Croats of Italy

Total population
- c. 23,000

Languages
- Croatian, Italian, Slavomolisano

Religion
- Mostly Roman Catholicism

Related ethnic groups
- Croats

= Croats of Italy =

Community of Croatian immigrants in Italy

Croats form a part of the permanent population of Italy (Hrvati u Italiji, Croati in Italia). Traditionally, there is an autochthonous community in the Molise region known as the Molise Croats, but there are many other Croats living in or associated with Italy through other means, with the most numerous communities in Trieste, Rome, Padua and Milan. In 2010, persons with Croatian citizenship in Italy numbered 21,079.

Croats of Italy could mean any of the following:
- Molise Croats - a long-established Croatian population in the Molise region.
- Ethnic Croats to have relocated to Italy from any region to which Croats may be autochthonous (e.g. Republic of Croatia, Bosnia and Herzegovina and other countries).

==Molise Croats==

Molise Croats, who were the first Croats to settle in Italy, at the time of the Ottoman expansion in the Balkans, are one of the linguistic minority officially recognised by the Italian Republic. They achieved protection as a minority on 5 November 1996 by an agreement signed between Croatia and Italy. According to 2001 census, there were 2,801 Molise Croats, of which 813 lived in San Felice del Molise (Štifilić; Filić), 800 in Acquaviva Collecroce (Kruč) and 468 in Montemitro (Mundimitar). The number of Molise Croats is in decline.

==Other communities==
Croats were also recorded in southern Italy, but they assimilated over time, in the provinces of Marche, Campania, Basilicata, Apulia, and elsewhere.

==Assimilation and Italianization==
During the 19th century, the Italianization of Slavic surnames began in Italy. After 1918, this intensified, even before the fascists came to power. In September 1922, Italy signed an international convention on the protection of ethnic, linguistic and religious freedoms of national minorities, which it did not adhere to. With the fascists coming to power, Croatian surnames and toponyms were Italianized, including those in the southern Italy. In 1863, San Vito degli Schiavoni became and remains until today San Vito dei Normanni, although Croats founded it as early as 963.

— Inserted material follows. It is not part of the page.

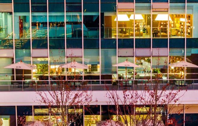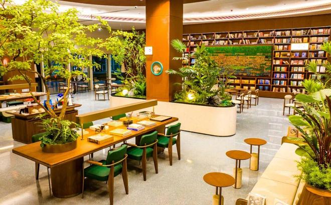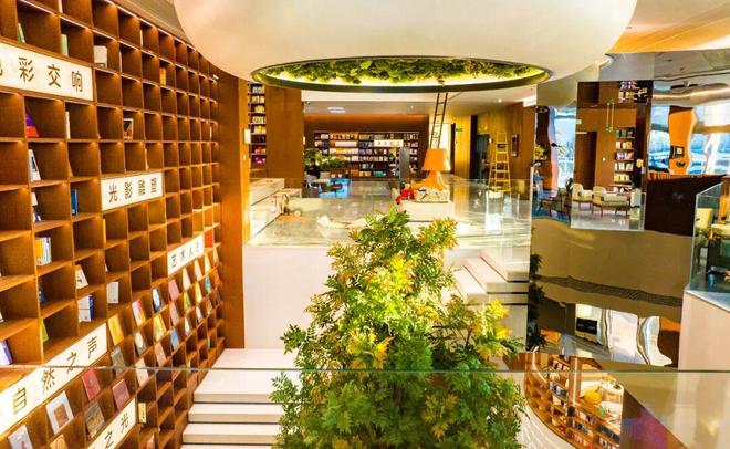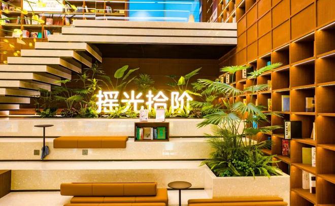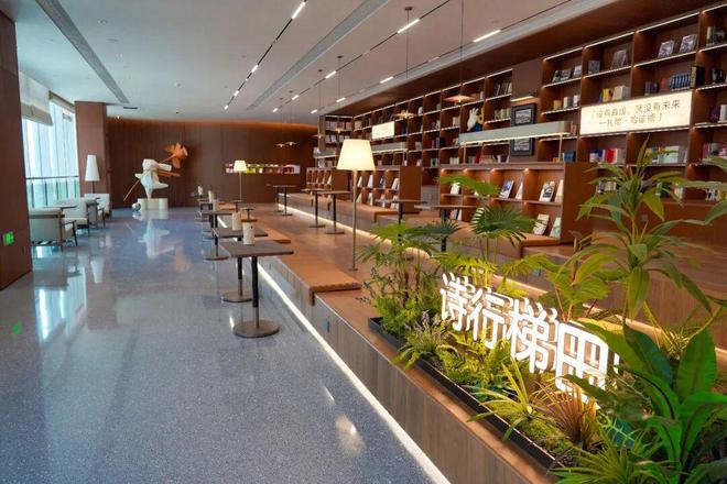 “诗行梯田”阅读区的设计,令人惊叹。三层缓缓升高的原木台阶,如错落有致的江南梯田,读者可随意坐下、倚靠,沉浸于书海。台阶上陈列着中外诗歌、小说与散文的精华。龙杨指向对面明亮的窗边阅读座:“当您从文字的秘境中偶尔抬头,满窗的公园绿意便会温柔地涌入眼帘。书中的抽象世界与窗外的具象生机,在此刻达成一场静默而深刻的对话。”

==Associations, publications and media==
In the region of Molise, there is the Federation of Croatian-Molise Cultural Associations which unifies the Association "Luigi Zara", the Foundation "Agostina Piccoli", the Association "Naš život" (Our Life) and the Association "Naš grad" (Our Town). The main association of all Croats of Italy is the Alliance of Croatian Associations as founded in 2001; this association consists of: the Croatian-Italian Association of Rome, the Croatian Union of Milano, the Croatian Union of Trieste, the Croatian Union of Venetia, the Croatian-Italian Association of Udine and the Association "Luigi Zara". Also, the Club of Friends of Croatia is active in Milano.
A Croatian organization that has a longer history in Italy is the Pontifical Croatian College of St. Jerome, a Catholic college. Known as the Collegium Hieronymianum Illyricorum (Illyrian Hieronymian College; San Girolamo degli Illirici in Italian) since 1902, the college served Croatian Catholics, before being renamed Pontificium Collegium Chroaticum Sancti Hieronymi (Pontifical Croatian College of St. Jerome) in 1971. College publishes Croatian Roman directory. Another Croatian Catholic organization in Italy is the Domus Croatia "Dr. Ivan Merz", an organization of Croatian pilgrims. The Croatian Roman Community (Hrvatska rimska zajednica) also operates of Rome. Organisation "Croatian-Italian mosaic" in Rome hosts international folklore festival "CRoETnO festival".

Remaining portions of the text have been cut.